I've recently been experimenting with testing SilverStripe modules using third party continuous integration services, and feel it would be useful to document what I've found and learned, as well as ask for feedback on some issues that either require fixes or discussion.


The main issue that previously stopped me writing tests was speed.  If a test takes 30 secs to a minute to run it's easy to lose focus.  The documentation said to use SQLite but this is still slow unless you add the tweak to use an in memory database as opposed to the file system.  I've had a pull request accepted documenting the in memory config change, see https://github.com/silverstripe/silverstripe-framework/blob/3/docs/en/02_Developer_Guides/06_Testing/00_Unit_Testing.md - the section "Use SQLite In Memory".  I had to ask around on IRC to get this info initially.  Tests will now run around 20 to 30 times faster, feedback in 2 seconds is far better than likes of 40...

I initially started writing tests for a search module using Elasticsearch, https://github.com/gordonbanderson/silverstripe-elastica.  My aim was to get as close as possible to 100% test coverage.  This eventually involved me having to execute the test run to generate coverage reports overnight, as it ended up taking around 12 hours to run on my laptop.  Whilst this is an extreme example (more than just trivial fixtures data needed to test searching), it can still take in the region of 30 to 60 mins for a 'typical' SilverStripe module.  It should be noted that running without test coverage being generated is in the region of about 30 times faster.
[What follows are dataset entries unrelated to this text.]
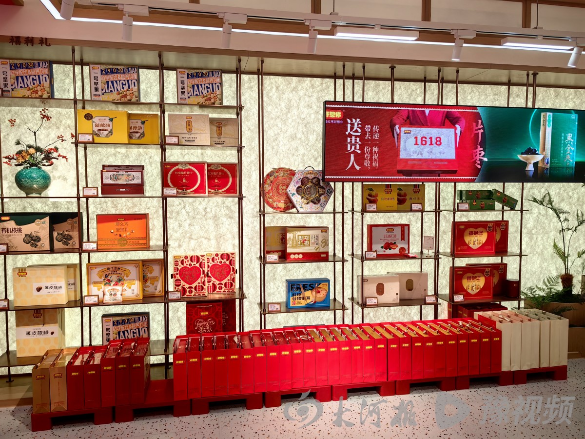剪彩与叠枣山仪式圆满落幕,嘉宾们在讲解员的带领下开启“朱门引贵开门纳福”门店参观环节。门店外,巨型蝴蝶结门头宛如一枚“思念的封条”,将牵挂与祝福打包其中;橱窗边的“我在这里好想你”主题座椅,成为安放思念的温暖角落。跨进象征尊贵与福气的“朱门引贵”墙,一楼的伴手礼区、文创区、滋补区、喜礼区、鲜制区错落分布,百元内高性价比伴手礼、“丝牵好运”文创产品、零添加鲜制枣糕与养生浓浆、红火喜庆的喜礼礼盒,满足不同消费场景需求。特别是“红枣72变”产品陈列,从原枣到黑金枣的全品类展示,直观呈现了好想你在红枣深加工领域的匠心坚守与创新突破。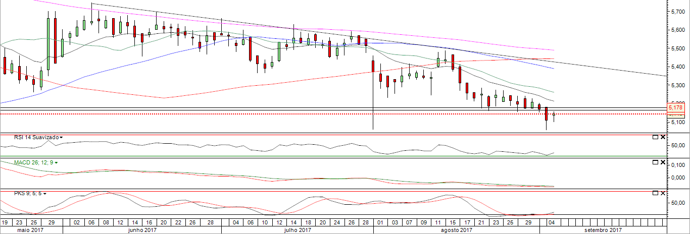 Apesar da subida de hoje foi possível verificar, em time frames menores, uma quebra acentuada da cotação no final da sessão.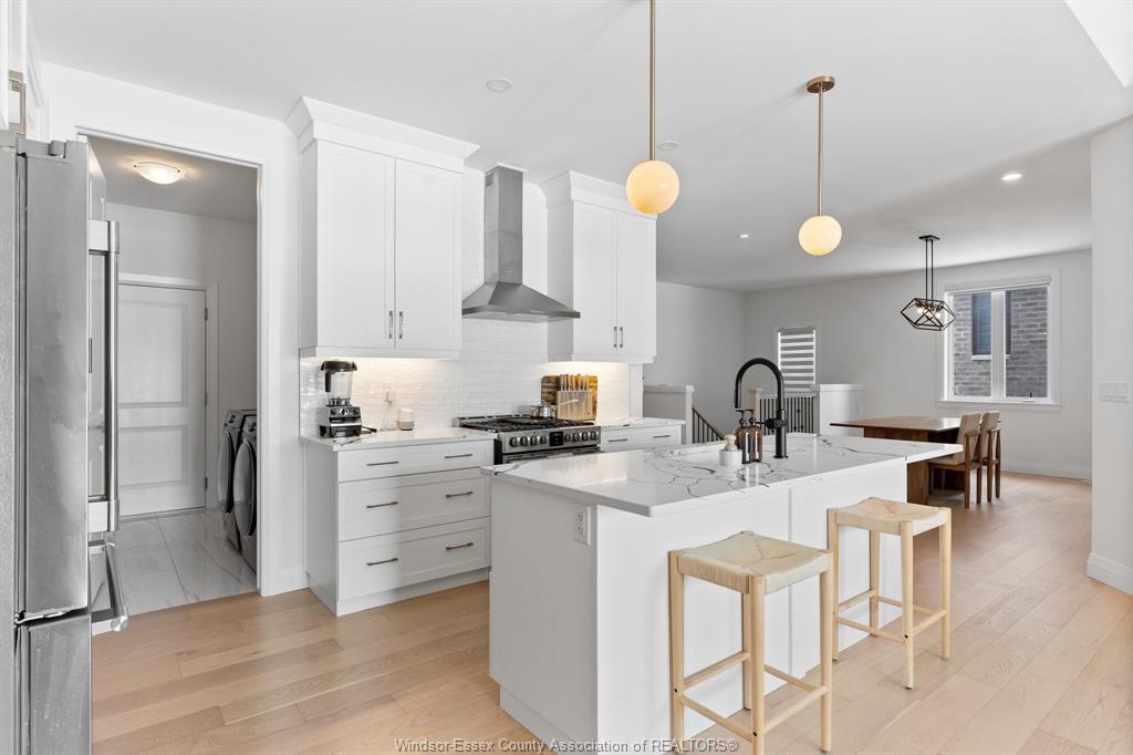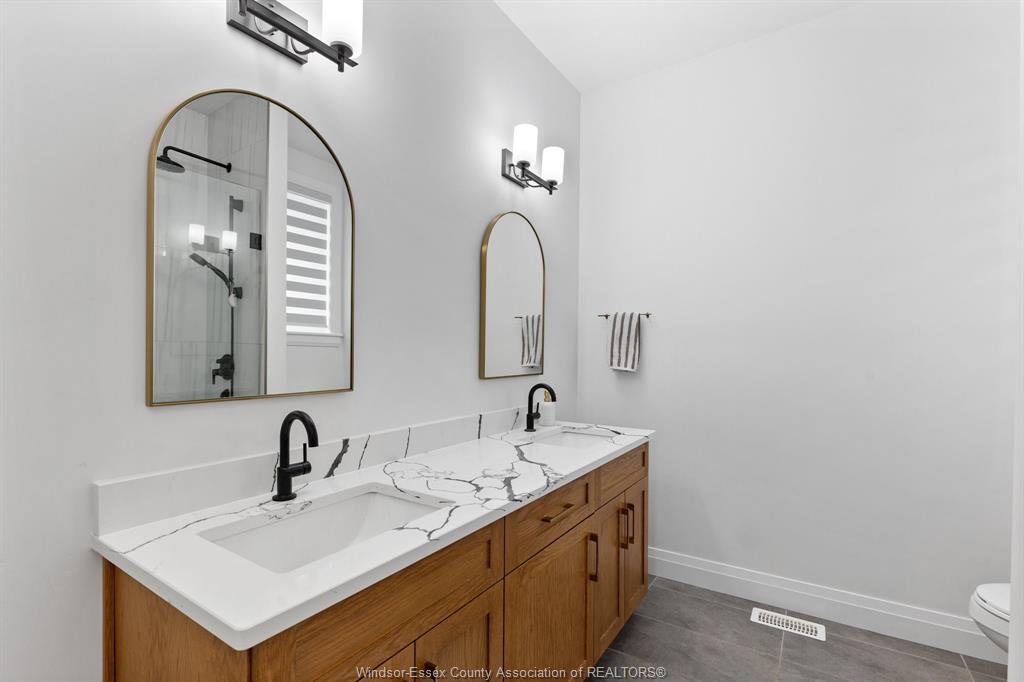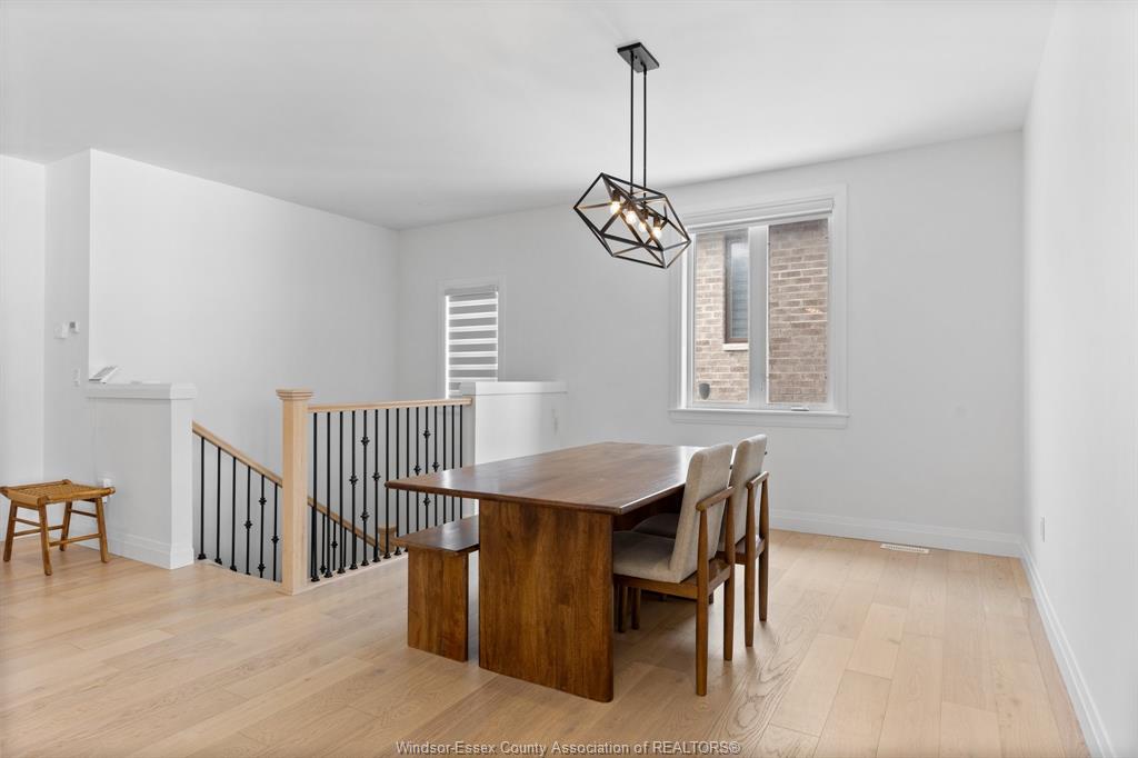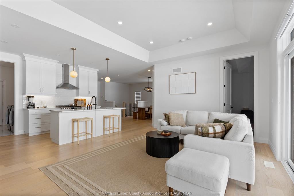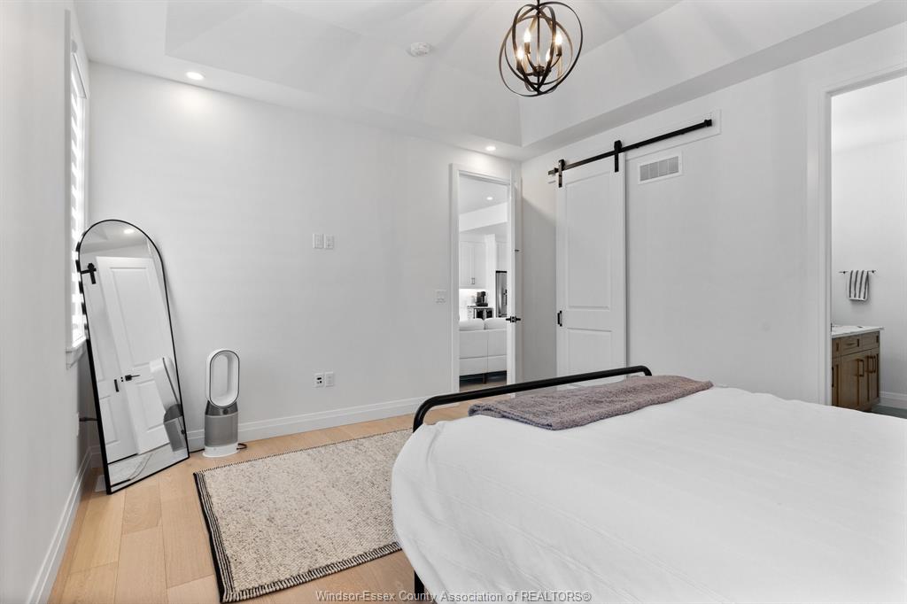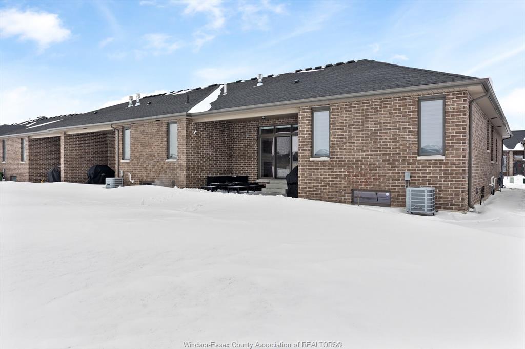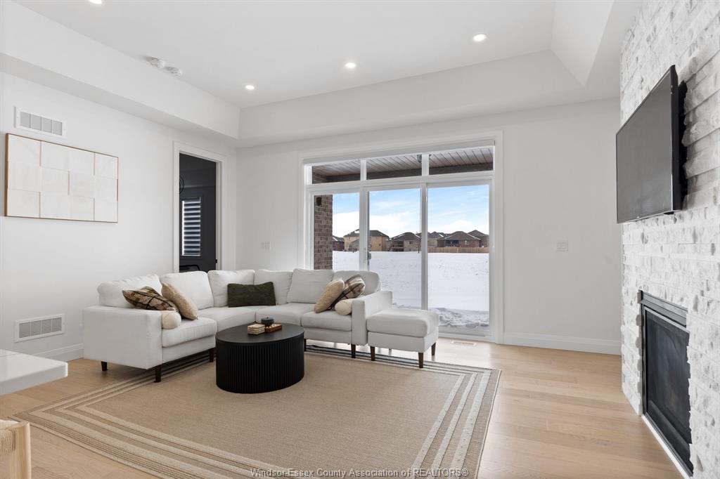 Introducing this fantastic opportunity to move into one of lakeshores finest ranch's available, nearly 1500 sq ft, complete with full brick & stone in the lakeshore new centre estates project. Stunning open concept design & 9ft ceilings throughout with dining, family room, and large designer kitchen with stainless steel appliances, flowing seamlessly together. Family room with 10 ft ceiling & sliding glass doors leads to a large covered patio area. Large main floor primary is featured with a 10 ft tray ceiling design, large walk-in closet with barn doors, & a stunning 4-piece ensuite. Main floor also features another bedroom as well as a 3-piece bath with a unique soaker tub. Potential to finish the basement & add another 2 bedrooms and a full bath. Modern design & finishes throughout. Concrete driveway & sod completed. No association fees! Great opportunity for a newer home in lakeshore!

As I did not wish to tie up my laptop generating coverage reports, I decided to look into third party services to do this for me.  As SilverStripe uses Travis I read up on this and after some experimentation created a config file that is reasonably generic.  This file, https://github.com/gordonbanderson/SilverStripeExampeModuleCI/blob/master/.travis.yml, can simply be copied, and then the only change required is editing the ENV variable 'MODULE_PATH' to that of path when the module is installed by composer (note, this may differ from the GitHub project name).  It does the following:
* Creates a working SilverStripe project with your module
* Executes the module's test suite with various versions of PHP and SilverStripe (the various combination of versions are known as a matrix in Travis speak)
* For only one combination, run the tests and generate a config file.  This is triggered by the ENV variable COVERAGE being set to 1 (https://github.com/gordonbanderson/SilverStripeExampeModuleCI/blob/master/.travis.yml#L37).  All of the other combinations in the matrix run with COVERAGE=0, and are thus much faster.
* After a successful run (this can be changed to work with test failures also) upload code coverage report to Scrutinizer and codecov.io

Scrutinizer is a third party service that uses static analysis tools to give your code a score based on various metrics such as number of paths through if then else spaghetti, unused variable declarations and compliance to coding standards.  I'm in 2 minds about using the coverage upload here as it seems to fail a lot of the time, and only provides for a coverage badge, not full code coverage reports.  It is worth using for highlighting logic hotspots and messy/lazy coding practicies though.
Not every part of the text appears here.